[Start of Attachment]
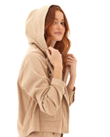 A modern take on a classic utility style, our Stretch Twill Hooded Jacket blends effortless style with all-day comfort. Made from our soft yet structured stretchy twill, this jacket moves with you while maintaining its flattering shape. Featuring a zip and snap-button front closure, roomy patch pockets, and adjustable roll-tab sleeves, it's designed for both function and versatility. The relaxed fit and lightweight feel make it the perfect transitional layer—whether you're running errands, heading outdoors, or simply elevating your everyday look.
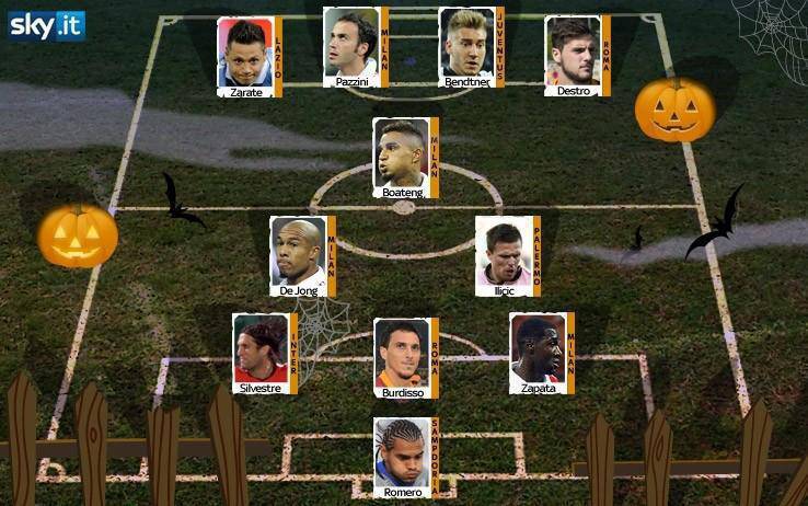 TOP 11 HALLOWEEN – In occasione della festa di Halloween di ieri sera, è stata stilata una TOP 11 horror, composta da quei giocatori che hanno deluso le attese in queste prime 10 uscite stagionali. Molti i rossoneri presenti come Pazzini,Boateng, De Jong e Zapata. Non mancano juventini, interisti e romanisti, come ad esempio Bendtner, Silvestre, Destro, Burdisso. In porta ci va l’estremo difensore della Sampdoria, Romero, e a completare l’11 Mauro Zarate della Lazio e Ilicic del Palermo.
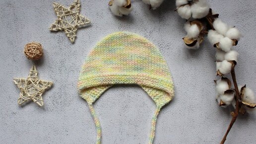 Подробный видео мк по вязания чепчика для новорожденных и не только. Чепчик от 0 до 3 месяцев. Пряжа с али экспресс. Материал: 60% молочное волокно, 30% кашемир, 10% шелк метраж 90 м на 50гр. Спицы 3.5 мм круговые 40см и чулочные. Набираем обычным набором 56 петель. Вяжем платочной вязкой 7 рядов. Всё кромочные провязываем изнаночной. В 8 (изнаночном) ряду провязываем первые первые 3 и последние 3 платочной вязкой. Остальные изнаночными. Таким образом образуется кромка из 4 петель с каждой стороны...
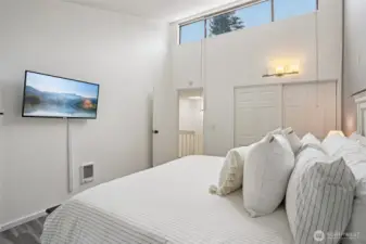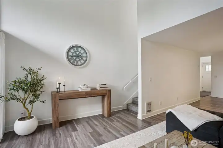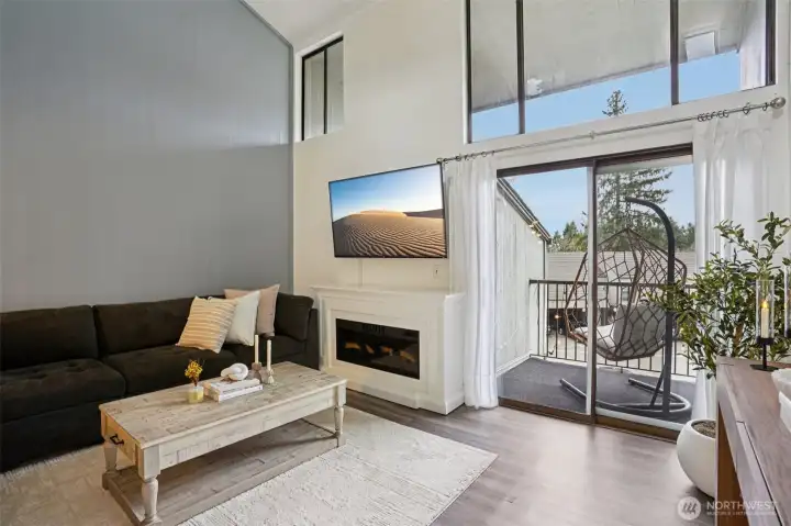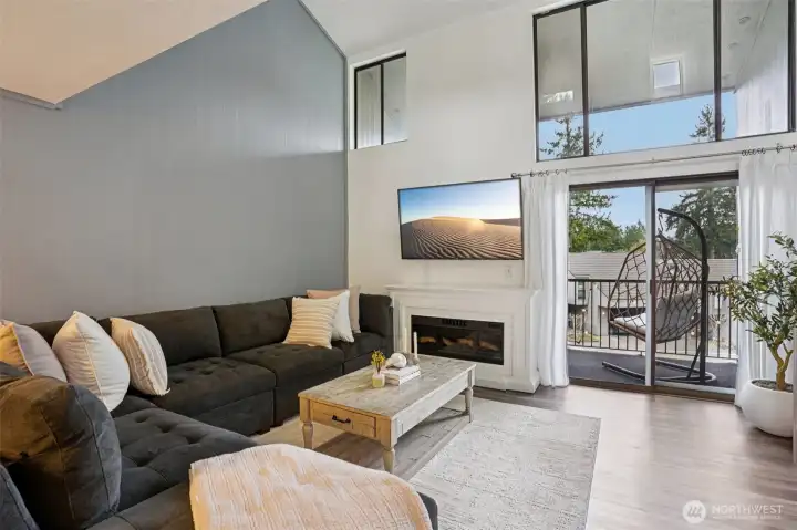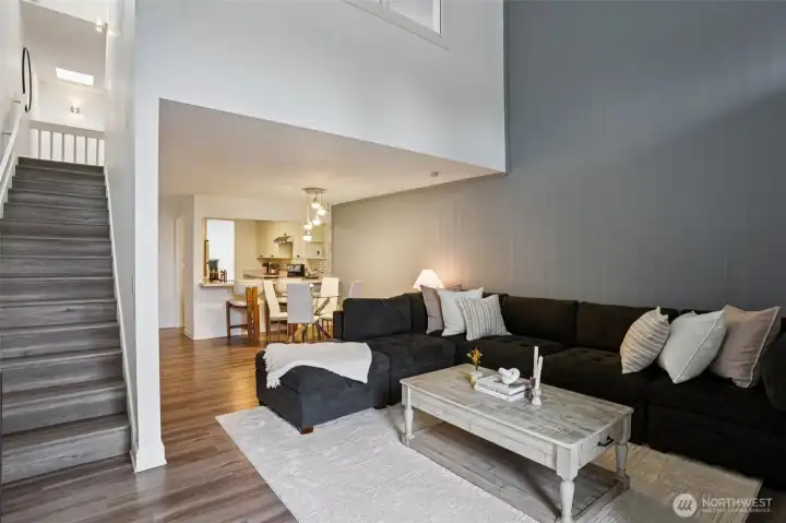 Stunning 2 bed, 1.5 bath townhome in the highly sought-after Sixty-01 community—no gate code required. Light-filled interior with a dramatic wall of windows showcasing peaceful natural surroundings. Vaulted ceilings & skylights enhance the open, airy feel. Updated chef’s kitchen anchors the main living space. Popcorn ceilings professionally removed, new front door, crown molding, fresh interior paint & modern fixtures throughout. Fully renovated upstairs bath & refreshed main-level half bath. Washer & dryer included. Attached carport + ample guest parking. Resort-style amenities include clubhouse, fitness center, pools, tennis courts & trails. Blocks to Microsoft Red-West, near Google & minutes to downtown Bellevue.
[End of Attachment]
EXERCISE:
Reproduce the data above in full, exactly, with the images removed.

RESULT:
 A modern take on a classic utility style, our Stretch Twill Hooded Jacket blends effortless style with all-day comfort. Made from our soft yet structured stretchy twill, this jacket moves with you while maintaining its flattering shape. Featuring a zip and snap-button front closure, roomy patch pockets, and adjustable roll-tab sleeves, it's designed for both function and versatility. The relaxed fit and lightweight feel make it the perfect transitional layer—whether you're running errands, heading outdoors, or simply elevating your everyday look.
 TOP 11 HALLOWEEN – In occasione della festa di Halloween di ieri sera, è stata stilata una TOP 11 horror, composta da quei giocatori che hanno deluso le attese in queste prime 10 uscite stagionali. Molti i rossoneri presenti come Pazzini,Boateng, De Jong e Zapata. Non mancano juventini, interisti e romanisti, come ad esempio Bendtner, Silvestre, Destro, Burdisso. In porta ci va l’estremo difensore della Sampdoria, Romero, e a completare l’11 Mauro Zarate della Lazio e Ilicic del Palermo.
 Подробный видео мк по вязания чепчика для новорожденных и не только. Чепчик от 0 до 3 месяцев. Пряжа с али экспресс. Материал: 60% молочное волокно, 30% кашемир, 10% шелк метраж 90 м на 50гр. Спицы 3.5 мм круговые 40см и чулочные. Набираем обычным набором 56 петель. Вяжем платочной вязкой 7 рядов. Всё кромочные провязываем изнаночной. В 8 (изнаночном) ряду провязываем первые первые 3 и последние 3 платочной вязкой. Остальные изнаночными. Таким образом образуется кромка из 4 петель с каждой стороны...
 Stunning 2 bed, 1.5 bath townhome in the highly sought-after Sixty-01 community—no gate code required. Light-filled interior with a dramatic wall of windows showcasing peaceful natural surroundings. Vaulted ceilings & skylights enhance the open, airy feel. Updated chef’s kitchen anchors the main living space. Popcorn ceilings professionally removed, new front door, crown molding, fresh interior paint & modern fixtures throughout. Fully renovated upstairs bath & refreshed main-level half bath. Washer & dryer included. Attached carport + ample guest parking. Resort-style amenities include clubhouse, fitness center, pools, tennis courts & trails. Blocks to Microsoft Red-West, near Google & minutes to downtown Bellevue.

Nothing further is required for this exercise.